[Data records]
○ ○ ○ ○ ○ ○ ○

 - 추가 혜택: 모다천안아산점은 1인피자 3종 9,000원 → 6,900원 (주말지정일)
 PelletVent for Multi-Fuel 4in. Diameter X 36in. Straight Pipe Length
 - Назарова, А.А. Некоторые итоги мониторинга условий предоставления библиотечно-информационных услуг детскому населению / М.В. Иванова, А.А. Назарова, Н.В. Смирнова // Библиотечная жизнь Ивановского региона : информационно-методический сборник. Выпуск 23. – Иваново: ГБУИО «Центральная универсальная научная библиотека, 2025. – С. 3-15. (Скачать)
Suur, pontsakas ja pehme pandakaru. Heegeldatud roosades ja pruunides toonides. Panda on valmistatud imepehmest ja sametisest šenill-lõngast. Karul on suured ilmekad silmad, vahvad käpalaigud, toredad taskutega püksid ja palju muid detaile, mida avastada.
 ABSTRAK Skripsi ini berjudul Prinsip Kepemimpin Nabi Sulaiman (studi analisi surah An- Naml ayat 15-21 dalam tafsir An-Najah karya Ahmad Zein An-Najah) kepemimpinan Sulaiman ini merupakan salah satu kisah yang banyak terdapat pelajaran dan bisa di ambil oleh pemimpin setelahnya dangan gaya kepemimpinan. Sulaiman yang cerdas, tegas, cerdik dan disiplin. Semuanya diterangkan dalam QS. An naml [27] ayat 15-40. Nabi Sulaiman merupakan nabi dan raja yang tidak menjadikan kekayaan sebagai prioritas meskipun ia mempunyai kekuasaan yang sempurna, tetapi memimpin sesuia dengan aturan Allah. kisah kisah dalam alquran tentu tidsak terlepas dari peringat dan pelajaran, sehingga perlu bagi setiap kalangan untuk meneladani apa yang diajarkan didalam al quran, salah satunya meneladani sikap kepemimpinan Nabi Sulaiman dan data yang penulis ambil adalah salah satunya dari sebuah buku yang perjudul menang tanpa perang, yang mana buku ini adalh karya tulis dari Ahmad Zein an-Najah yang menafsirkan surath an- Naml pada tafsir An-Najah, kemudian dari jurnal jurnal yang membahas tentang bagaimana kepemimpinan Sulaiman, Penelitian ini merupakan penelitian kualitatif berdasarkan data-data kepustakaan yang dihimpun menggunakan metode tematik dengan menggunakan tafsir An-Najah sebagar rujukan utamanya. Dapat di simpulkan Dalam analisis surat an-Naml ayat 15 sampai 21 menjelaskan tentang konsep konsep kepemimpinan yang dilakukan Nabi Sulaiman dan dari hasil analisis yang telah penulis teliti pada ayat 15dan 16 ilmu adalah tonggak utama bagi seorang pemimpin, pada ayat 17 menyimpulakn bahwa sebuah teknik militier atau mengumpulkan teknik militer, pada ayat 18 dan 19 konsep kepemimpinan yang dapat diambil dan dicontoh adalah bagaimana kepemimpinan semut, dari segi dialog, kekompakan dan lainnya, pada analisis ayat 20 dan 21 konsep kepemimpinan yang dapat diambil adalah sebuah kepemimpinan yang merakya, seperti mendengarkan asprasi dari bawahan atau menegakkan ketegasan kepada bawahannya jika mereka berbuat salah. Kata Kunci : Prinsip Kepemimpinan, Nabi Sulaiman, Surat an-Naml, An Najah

○ ○ ○ ○ ○ ○ ○

- [What you should do] The required output is the stretch of entries above from the line containing "PelletVent for Multi-Fuel" through the line containing "Suur, pontsakas ja", reproduced exactly.

- [Result below]
 PelletVent for Multi-Fuel 4in. Diameter X 36in. Straight Pipe Length
 - Назарова, А.А. Некоторые итоги мониторинга условий предоставления библиотечно-информационных услуг детскому населению / М.В. Иванова, А.А. Назарова, Н.В. Смирнова // Библиотечная жизнь Ивановского региона : информационно-методический сборник. Выпуск 23. – Иваново: ГБУИО «Центральная универсальная научная библиотека, 2025. – С. 3-15. (Скачать)
Suur, pontsakas ja pehme pandakaru. Heegeldatud roosades ja pruunides toonides. Panda on valmistatud imepehmest ja sametisest šenill-lõngast. Karul on suured ilmekad silmad, vahvad käpalaigud, toredad taskutega püksid ja palju muid detaile, mida avastada.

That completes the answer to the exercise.